The code is hosted on git, and available on read-access to anyone. You can find some documentation on git on their website: http://git-scm.com/documentation
To setup a working area, here the step you must follow:
setenv SCRAM_ARCH slc5_amd64_gcc462 / export SCRAM_ARCH=slc5_amd64_gcc462
cmsrel CMSSW_5_3_9_patch2
cd CMSSW_5_3_9_patch2/src/
cmsenv
addpkg DataFormats/PatCandidates V06-05-06-10
addpkg PhysicsTools/PatAlgos V08-09-56
addpkg PhysicsTools/PatUtils V03-09-28
addpkg DataFormats/CaloRecHit V02-05-11
addpkg DataFormats/StdDictionaries V00-02-14
addpkg FWCore/GuiBrowsers V00-00-70
addpkg RecoMET/METProducers V03-03-12-02
addpkg RecoParticleFlow/PFProducer V15-02-06
addpkg RecoTauTag/RecoTau V01-04-23
addpkg RecoTauTag/Configuration V01-04-10
addpkg CondFormats/EgammaObjects V00-04-00
cvs update -r 1.19.8.1 PhysicsTools/PatAlgos/python/tools/helpers.py
# LumiCalc
cvs co -r V04-02-03 RecoLuminosity/LumiDB
cvs co -rV04-01-01 RecoLuminosity/LumiDB/python/csvLumibyLSParser.py # Bug when creating PU profile when trigger is prescaled
# Photon ID
mkdir EGamma; cd EGamma
cvs co -r V00-00-30 -d EGammaAnalysisTools UserCode/EGamma/EGammaAnalysisTools
cd ..
# Quark / Gluon tagging
mkdir QuarkGluonTagger; cd QuarkGluonTagger
cvs co -r v1-2-3 -d EightTeV UserCode/tomc/QuarkGluonTagger/EightTeV
cd ..
# Filters
cvs co -r V00-00-13 RecoMET/METFilters
cvs co -r V00-00-08 RecoMET/METAnalyzers
cvs co -r 1.2 RecoMET/METFilters/python/metFilters_cff.py
cd JetMETCorrections
git clone https://github.com/blinkseb/GammaJetResiduals.git GammaJetFilter
cd ..
scram b -j 9If everything went fine, you should now have a 'JetMETCorrections/GammaJetFilter' directory. It’s only here you’ll need to work.

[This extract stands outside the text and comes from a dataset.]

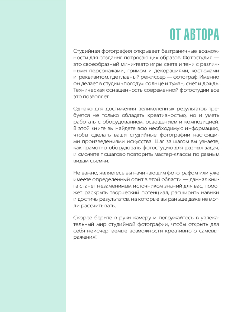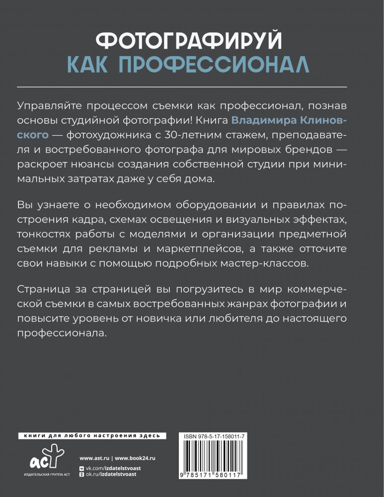 Фотографируй как профессионал. Особенности студийной фотографииВ данный момент этот товар отсутствует в продаже. Возможно, у нас найдется аналогичный или похожий товар здесь. Серия: Фотография для всех Управляйте процессом съемки как профессионал, познав основы студийной фотографии! Книга Владимира Клиновского — фотохудожника с 30-летним стажем, преподавателя и востребованного фотографа для мировых брендов — раскроет нюансы создания собственной студии при минимальных затратах даже у себя дома. Вы узнаете о необходимом оборудовании и правилах построения кадра, схемах освещения и визуальных эффектах, тонкостях работы с моделями и организации предметной съемки для рекламы и маркетплейсов, а также отточите свои навыки с помощью подробных мастер-классов. Страница за страницей вы погрузитесь в мир коммерческой съемки в самых востребованных жанрах фотографии и повысите уровень от новичка или любителя до настоящего профессионала. |

All the scripts related to PAT are inside the 'crab' folder.
There’re three CMSSW python configuration files: produce_PAT_COMMON.py, produce_PAT_MC.py and produce_PAT_DATA.py. The most important one is produce_PAT_COMMON.py, as it contains all the PAT configuration. The MC and DATA ones only call the COMMON file with some options.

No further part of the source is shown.